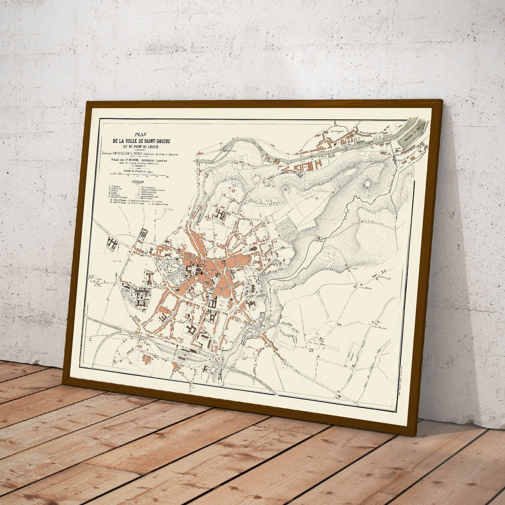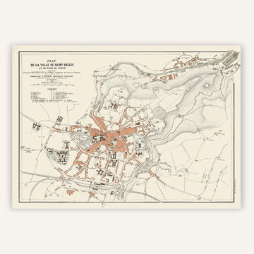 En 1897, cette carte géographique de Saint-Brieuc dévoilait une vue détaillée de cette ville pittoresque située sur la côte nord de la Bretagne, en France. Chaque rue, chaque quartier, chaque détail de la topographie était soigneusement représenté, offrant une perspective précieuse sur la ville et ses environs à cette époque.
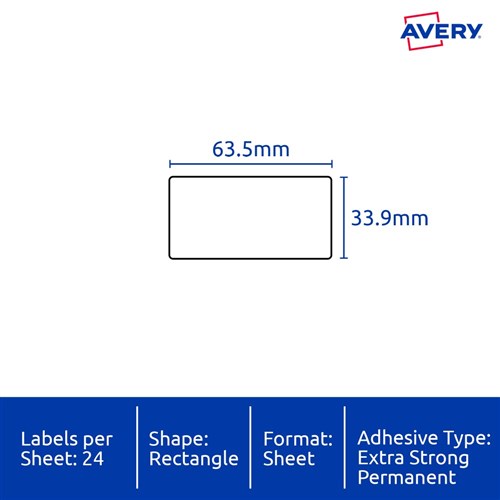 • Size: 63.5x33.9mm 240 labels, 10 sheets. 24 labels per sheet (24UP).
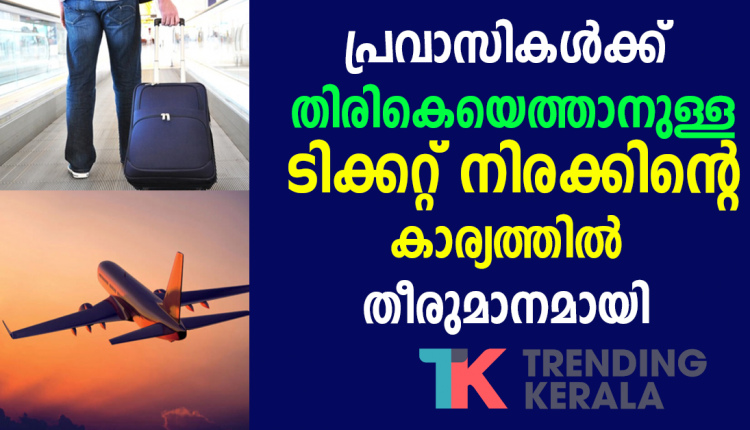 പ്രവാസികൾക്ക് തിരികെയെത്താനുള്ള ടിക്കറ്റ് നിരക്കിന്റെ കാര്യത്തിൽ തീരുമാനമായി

(Problem to solve): Needed here is a verbatim copy of the data from the first line through the line with "per sheet (24UP).", without pictures.

(Reply to the exercise):
 En 1897, cette carte géographique de Saint-Brieuc dévoilait une vue détaillée de cette ville pittoresque située sur la côte nord de la Bretagne, en France. Chaque rue, chaque quartier, chaque détail de la topographie était soigneusement représenté, offrant une perspective précieuse sur la ville et ses environs à cette époque.
 • Size: 63.5x33.9mm 240 labels, 10 sheets. 24 labels per sheet (24UP).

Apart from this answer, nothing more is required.